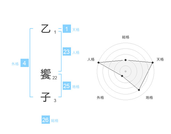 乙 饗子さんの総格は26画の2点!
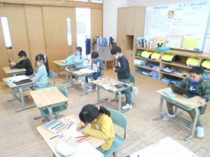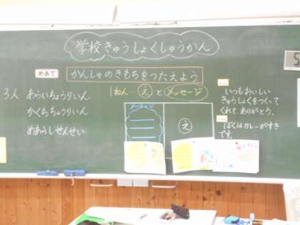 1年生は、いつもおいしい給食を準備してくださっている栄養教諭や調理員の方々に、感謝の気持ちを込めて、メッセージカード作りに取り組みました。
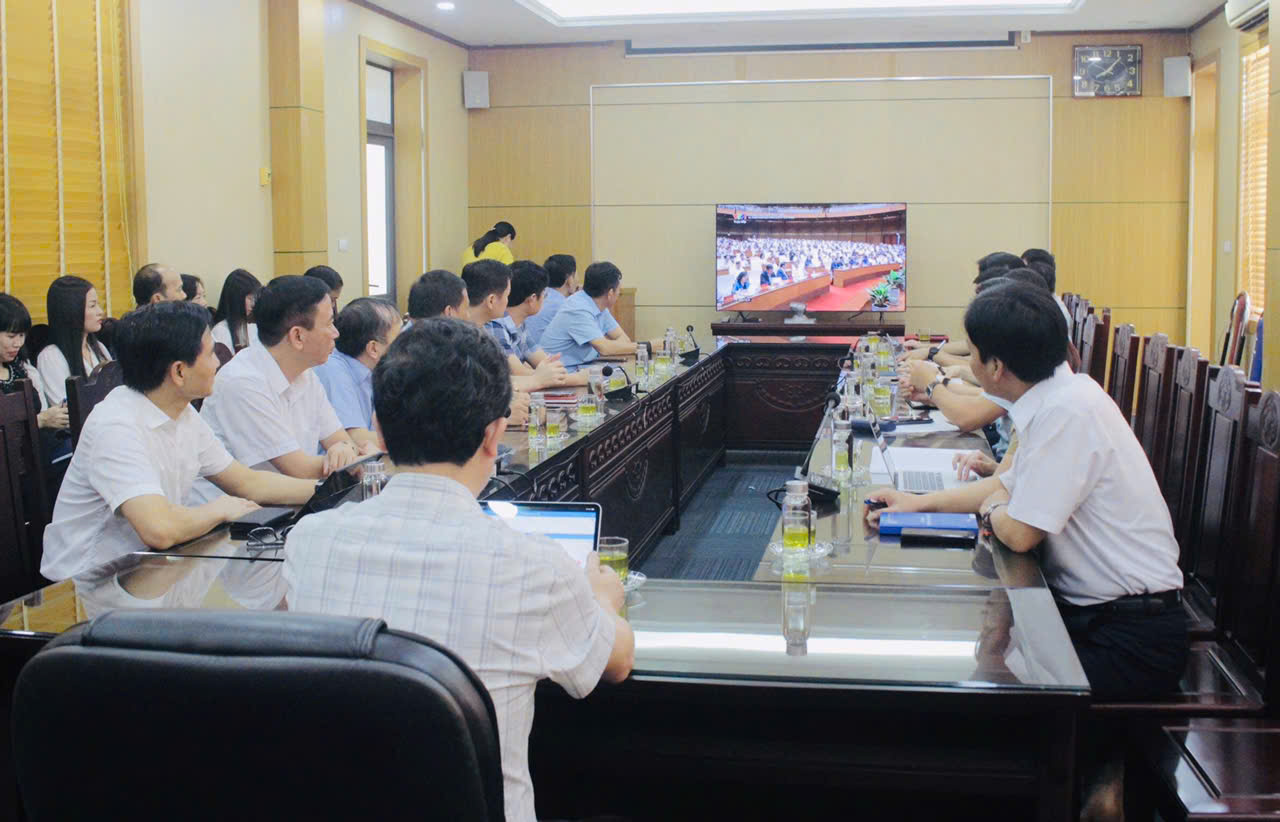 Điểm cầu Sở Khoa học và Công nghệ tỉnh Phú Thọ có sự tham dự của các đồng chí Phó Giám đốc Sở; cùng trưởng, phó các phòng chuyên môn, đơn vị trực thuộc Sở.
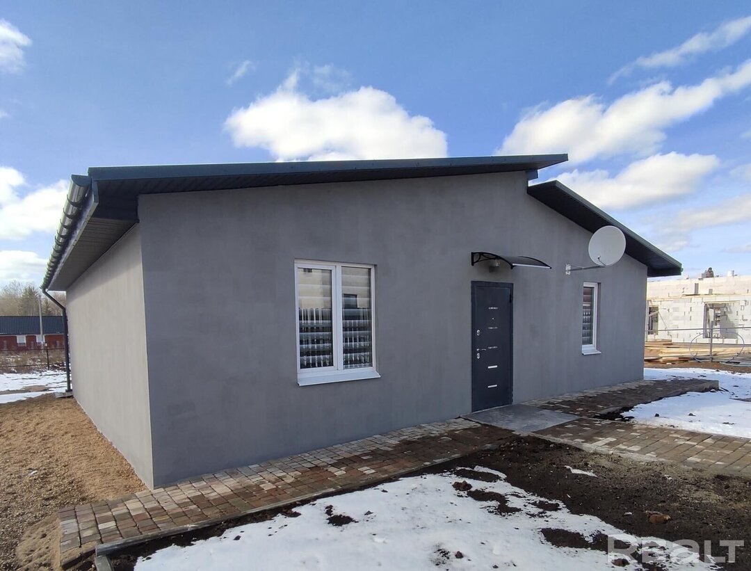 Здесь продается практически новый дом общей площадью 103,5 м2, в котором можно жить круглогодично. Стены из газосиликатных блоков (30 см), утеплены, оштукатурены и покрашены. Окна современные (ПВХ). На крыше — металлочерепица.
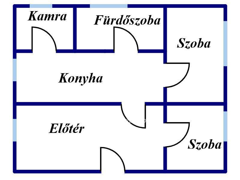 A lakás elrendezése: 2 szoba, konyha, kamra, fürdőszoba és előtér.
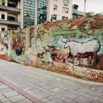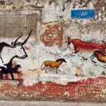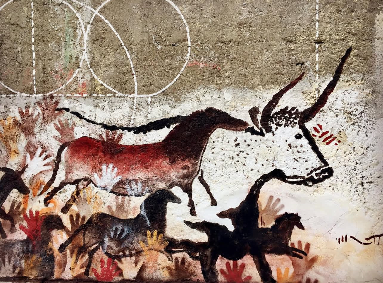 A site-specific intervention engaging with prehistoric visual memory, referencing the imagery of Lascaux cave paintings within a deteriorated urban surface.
==
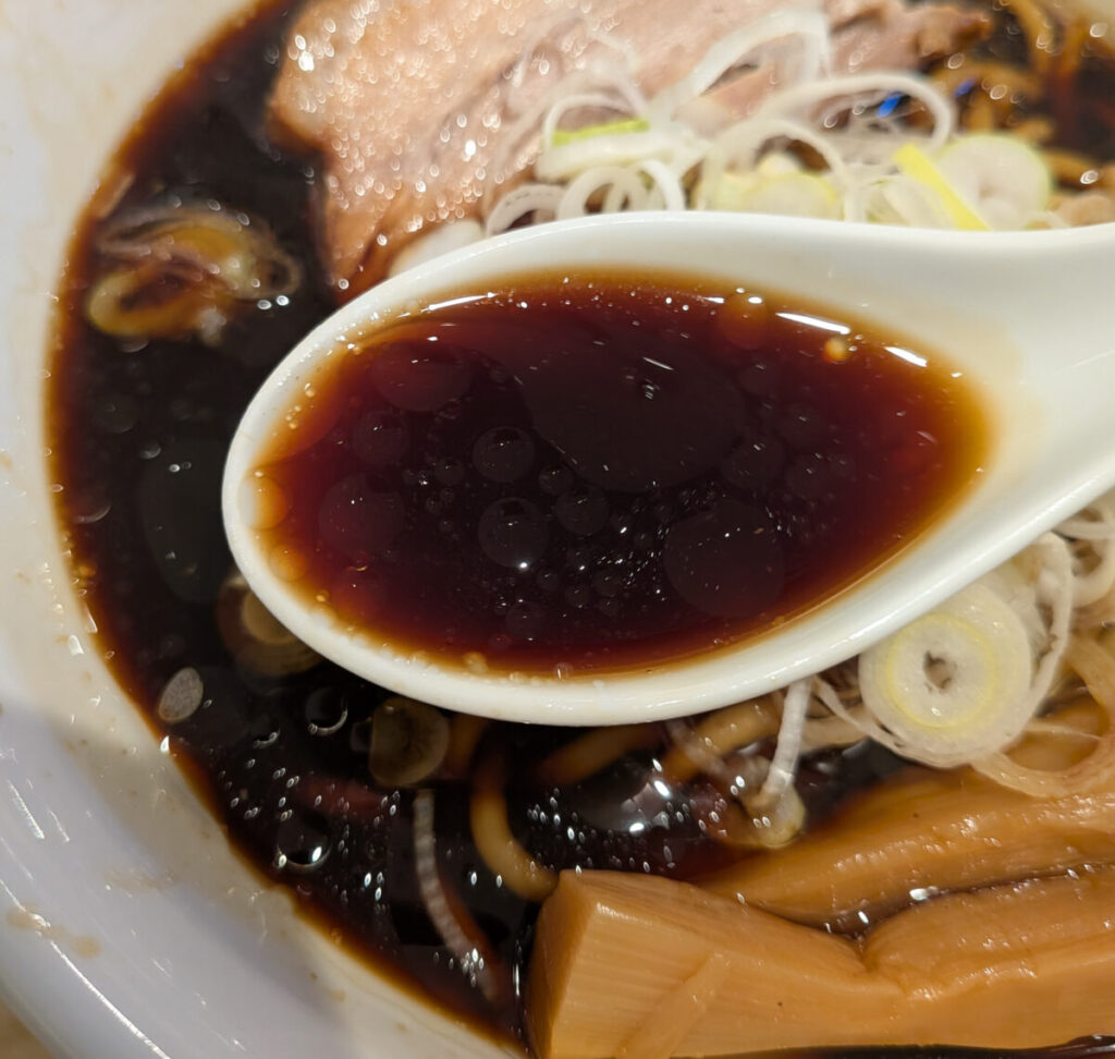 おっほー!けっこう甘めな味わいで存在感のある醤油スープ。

> _Your task_: Above is the material; set down exactly its lines from the one containing "乙 饗子さんの総格は26画の2点!" down to the one containing "A site-specific intervention", both included, leaving out any pictures.

> _Completed task_:
 乙 饗子さんの総格は26画の2点!
 1年生は、いつもおいしい給食を準備してくださっている栄養教諭や調理員の方々に、感謝の気持ちを込めて、メッセージカード作りに取り組みました。
 Điểm cầu Sở Khoa học và Công nghệ tỉnh Phú Thọ có sự tham dự của các đồng chí Phó Giám đốc Sở; cùng trưởng, phó các phòng chuyên môn, đơn vị trực thuộc Sở.
 Здесь продается практически новый дом общей площадью 103,5 м2, в котором можно жить круглогодично. Стены из газосиликатных блоков (30 см), утеплены, оштукатурены и покрашены. Окна современные (ПВХ). На крыше — металлочерепица.
 A lakás elrendezése: 2 szoba, konyha, kamra, fürdőszoba és előtér.
 A site-specific intervention engaging with prehistoric visual memory, referencing the imagery of Lascaux cave paintings within a deteriorated urban surface.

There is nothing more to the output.